The FCC argued that it did not have to meet the heightened preemption standard of a clear statement of congressional intent because it was not trumping a state's right to govern its subdivisions, but instead with regulation of commerce more generally, which does not have a heightened bar for preemption.
The FCC is justifying the moves under its Sec. 706 authority to regulate if it concludes that advanced telecommunications is not being deployed in a reasonable and timely manner. "We read section 706 to permit the commission to preempt state laws that primarily serve to regulate competition in the broadband market," the FCC March 2015 order states.

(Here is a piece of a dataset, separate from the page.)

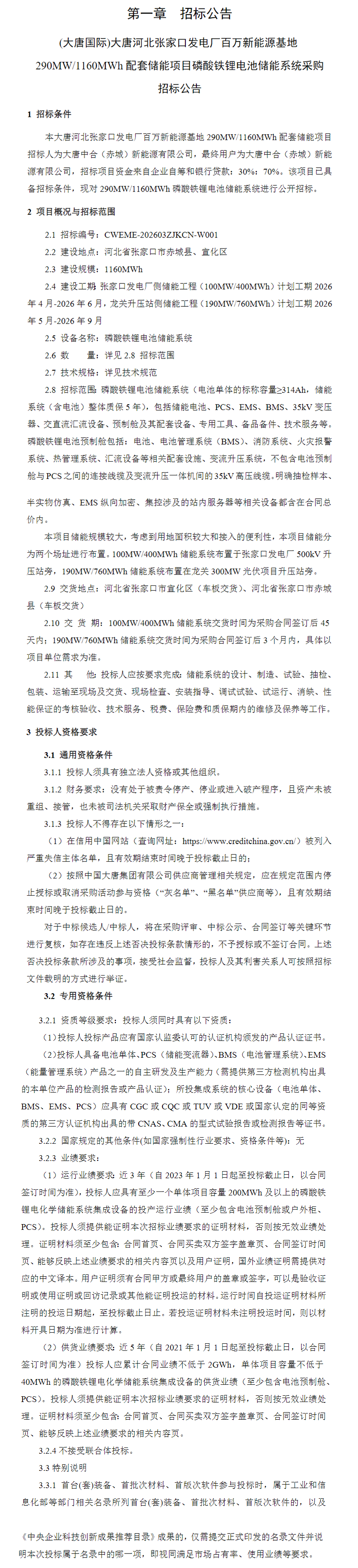 北极星储能网讯:2026年2月10日,大唐河北张家口发电厂百万新能源基地290MW/1160MWh配套储能项目发布磷酸铁锂电池储能系统采购招标公告,建设地点为河北省张家门市赤城县、宣化区。

Szoka said two out of the three judges on the three-judge panel hearing the arguments probed on the issue of whether states and their cities were unitary (of a piece) sovereign entities. According to Szoka, the third judge only spoke to wish the court a Happy St. Patrick's day and note the green tie on FCC counsel, which matched his own bright green bow tie.
One judge suggested the FCC might be able to preempt a state's decision to require a radio station to use as different frequency, but that would be the FCC telling it not to interfere with something over which the FCC has jurisdiction. The judge said that seemed to be different from this case.
In this case, the judge suggested, it was not about the FCC saying what should happen, but saying municipalities should be able to decide, which did sound like an issue with how the state gets to govern its municipal subdivision.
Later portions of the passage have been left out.